**Raw data**:
==========

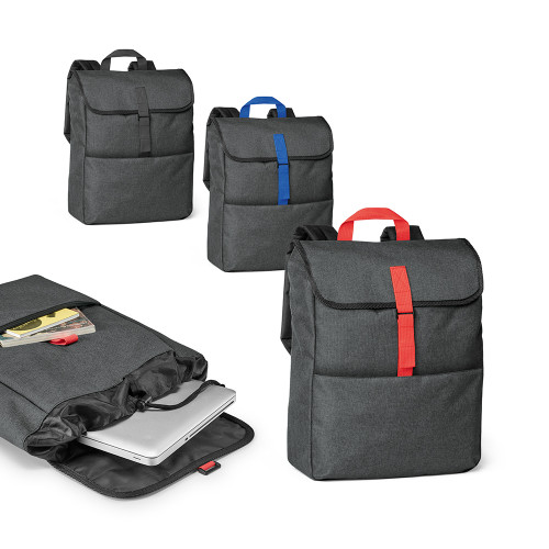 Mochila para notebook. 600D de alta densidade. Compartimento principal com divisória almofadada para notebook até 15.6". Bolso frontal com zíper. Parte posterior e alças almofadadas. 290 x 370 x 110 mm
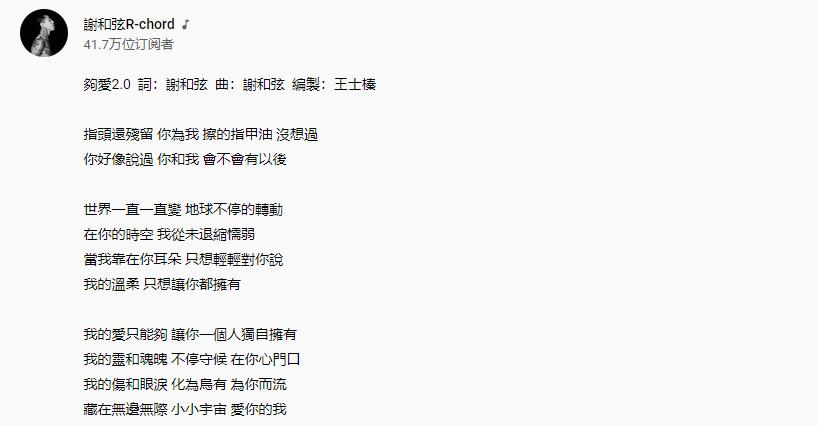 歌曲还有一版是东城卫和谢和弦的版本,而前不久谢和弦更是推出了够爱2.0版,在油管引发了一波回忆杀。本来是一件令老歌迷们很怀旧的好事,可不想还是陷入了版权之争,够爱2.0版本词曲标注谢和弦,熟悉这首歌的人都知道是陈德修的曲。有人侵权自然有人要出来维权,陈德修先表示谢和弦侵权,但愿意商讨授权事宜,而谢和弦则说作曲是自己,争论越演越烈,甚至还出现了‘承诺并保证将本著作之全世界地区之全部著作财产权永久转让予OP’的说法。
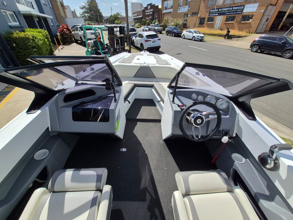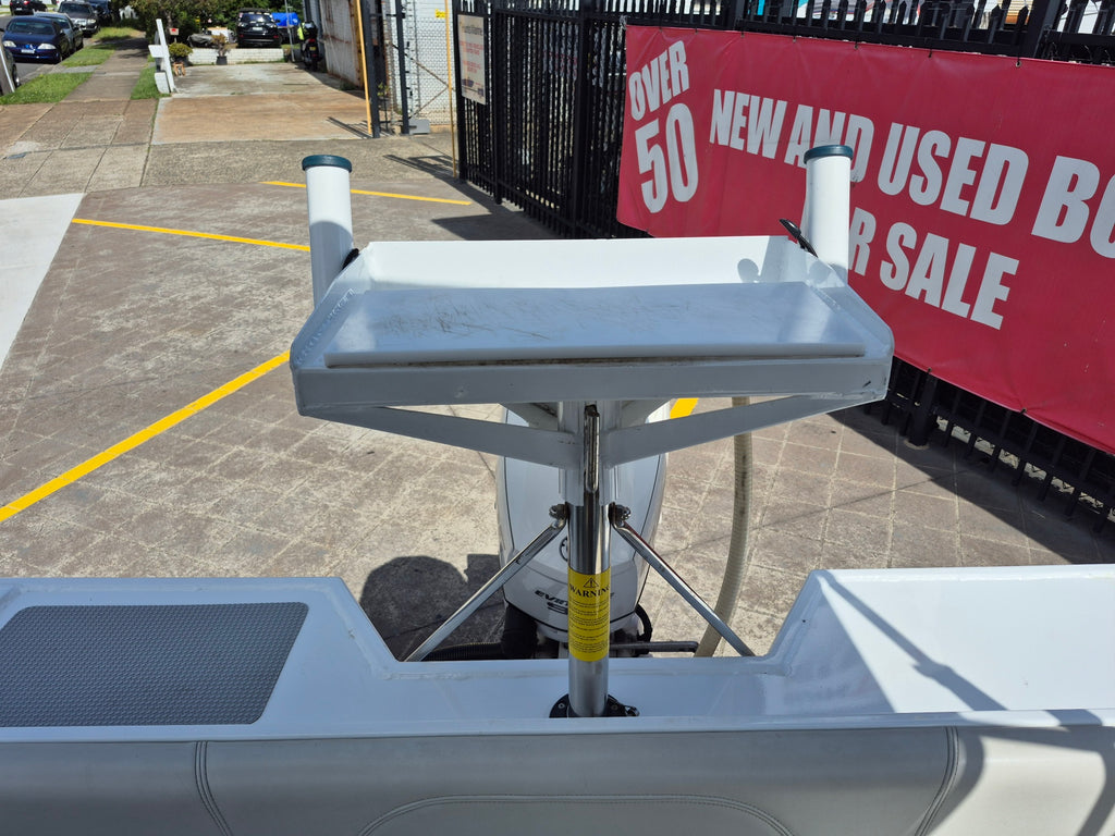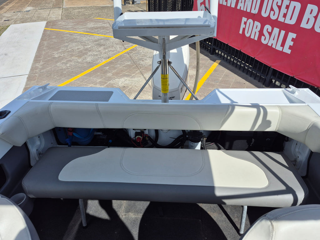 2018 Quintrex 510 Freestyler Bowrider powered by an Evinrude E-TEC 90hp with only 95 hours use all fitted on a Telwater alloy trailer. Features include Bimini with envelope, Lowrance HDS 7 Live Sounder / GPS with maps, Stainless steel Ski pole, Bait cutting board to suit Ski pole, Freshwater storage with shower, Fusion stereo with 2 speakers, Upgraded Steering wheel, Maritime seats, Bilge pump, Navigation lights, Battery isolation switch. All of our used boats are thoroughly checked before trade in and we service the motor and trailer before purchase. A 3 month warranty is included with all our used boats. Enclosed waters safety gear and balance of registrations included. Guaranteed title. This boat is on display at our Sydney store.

==========

**Your assignment**:
Retype the whole listing. Keep every word exact but include no pictures.

**Result of the exercise**:
 Mochila para notebook. 600D de alta densidade. Compartimento principal com divisória almofadada para notebook até 15.6". Bolso frontal com zíper. Parte posterior e alças almofadadas. 290 x 370 x 110 mm
 歌曲还有一版是东城卫和谢和弦的版本,而前不久谢和弦更是推出了够爱2.0版,在油管引发了一波回忆杀。本来是一件令老歌迷们很怀旧的好事,可不想还是陷入了版权之争,够爱2.0版本词曲标注谢和弦,熟悉这首歌的人都知道是陈德修的曲。有人侵权自然有人要出来维权,陈德修先表示谢和弦侵权,但愿意商讨授权事宜,而谢和弦则说作曲是自己,争论越演越烈,甚至还出现了‘承诺并保证将本著作之全世界地区之全部著作财产权永久转让予OP’的说法。
 2018 Quintrex 510 Freestyler Bowrider powered by an Evinrude E-TEC 90hp with only 95 hours use all fitted on a Telwater alloy trailer. Features include Bimini with envelope, Lowrance HDS 7 Live Sounder / GPS with maps, Stainless steel Ski pole, Bait cutting board to suit Ski pole, Freshwater storage with shower, Fusion stereo with 2 speakers, Upgraded Steering wheel, Maritime seats, Bilge pump, Navigation lights, Battery isolation switch. All of our used boats are thoroughly checked before trade in and we service the motor and trailer before purchase. A 3 month warranty is included with all our used boats. Enclosed waters safety gear and balance of registrations included. Guaranteed title. This boat is on display at our Sydney store.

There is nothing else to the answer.